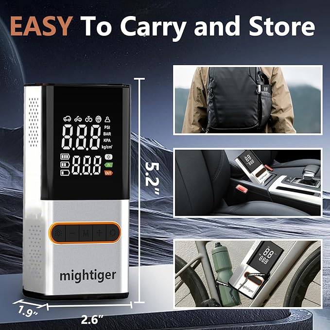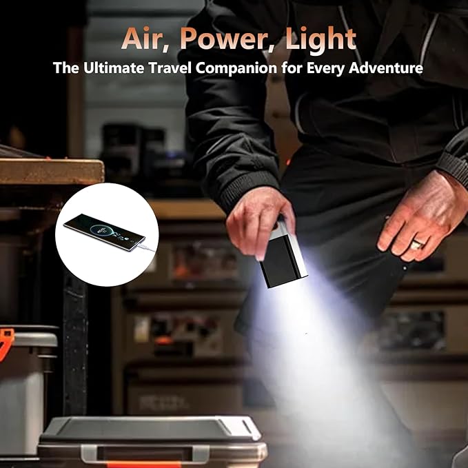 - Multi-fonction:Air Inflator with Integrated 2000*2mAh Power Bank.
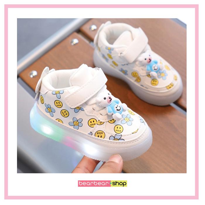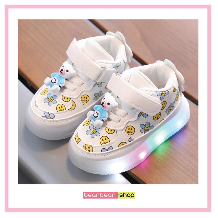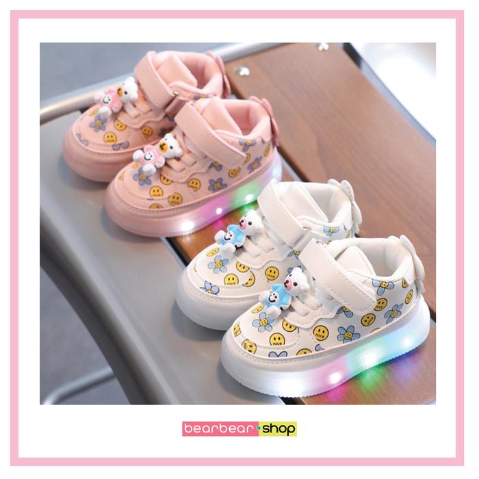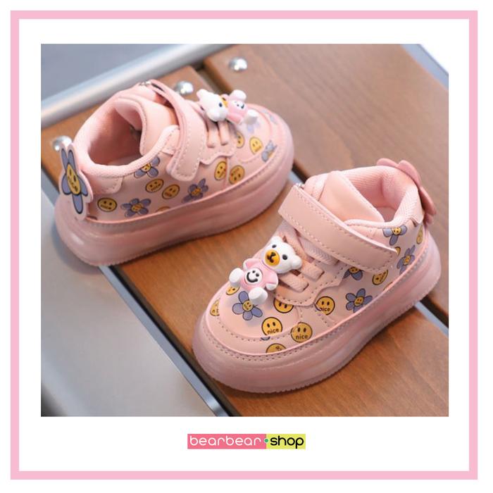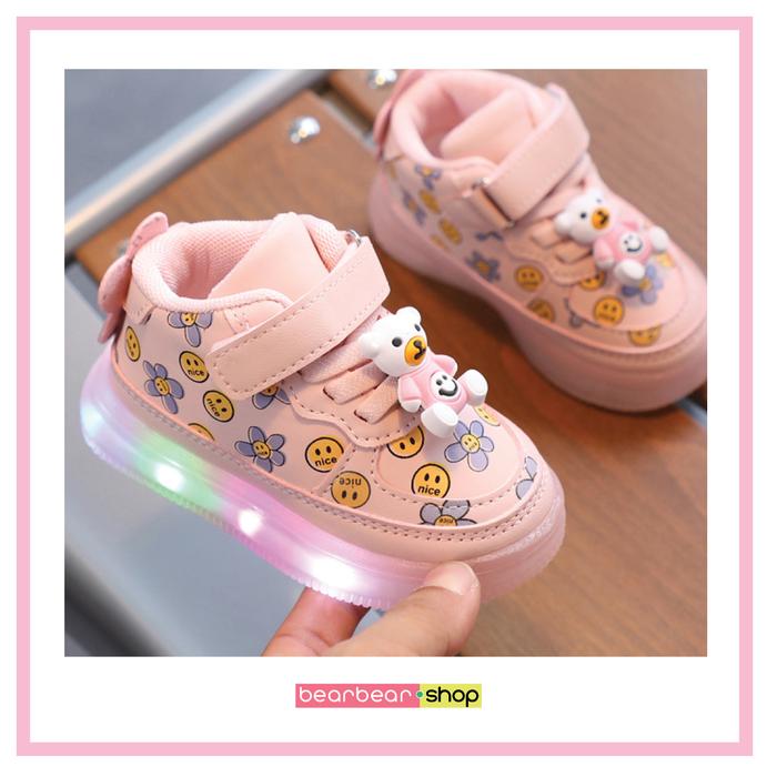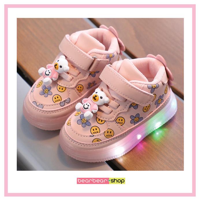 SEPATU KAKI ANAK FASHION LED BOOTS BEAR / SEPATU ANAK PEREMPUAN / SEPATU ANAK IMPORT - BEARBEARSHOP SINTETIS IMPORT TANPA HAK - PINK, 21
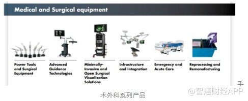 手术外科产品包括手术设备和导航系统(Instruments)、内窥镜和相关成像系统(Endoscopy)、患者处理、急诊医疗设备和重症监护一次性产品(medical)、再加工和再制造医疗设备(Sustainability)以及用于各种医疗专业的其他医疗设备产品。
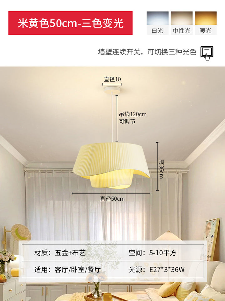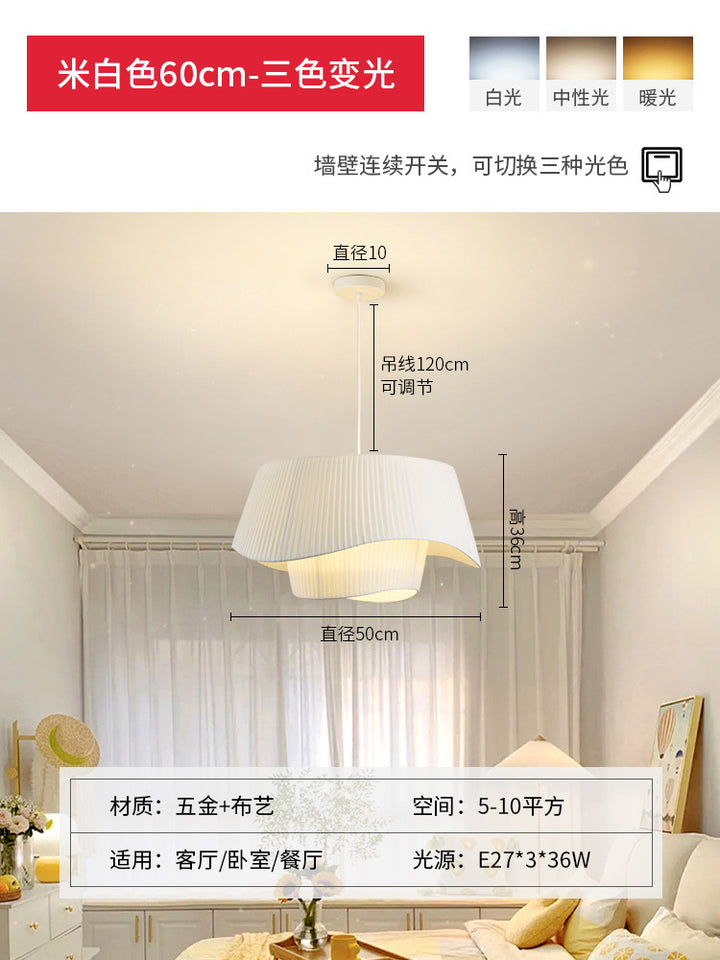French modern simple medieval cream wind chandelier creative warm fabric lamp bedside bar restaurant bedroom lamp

####################

# [TASK]
Repeat the material above word for word, please, apart from its images.

# [RESPONSE BOX]
 - Multi-fonction:Air Inflator with Integrated 2000*2mAh Power Bank.
 SEPATU KAKI ANAK FASHION LED BOOTS BEAR / SEPATU ANAK PEREMPUAN / SEPATU ANAK IMPORT - BEARBEARSHOP SINTETIS IMPORT TANPA HAK - PINK, 21
 手术外科产品包括手术设备和导航系统(Instruments)、内窥镜和相关成像系统(Endoscopy)、患者处理、急诊医疗设备和重症监护一次性产品(medical)、再加工和再制造医疗设备(Sustainability)以及用于各种医疗专业的其他医疗设备产品。
French modern simple medieval cream wind chandelier creative warm fabric lamp bedside bar restaurant bedroom lamp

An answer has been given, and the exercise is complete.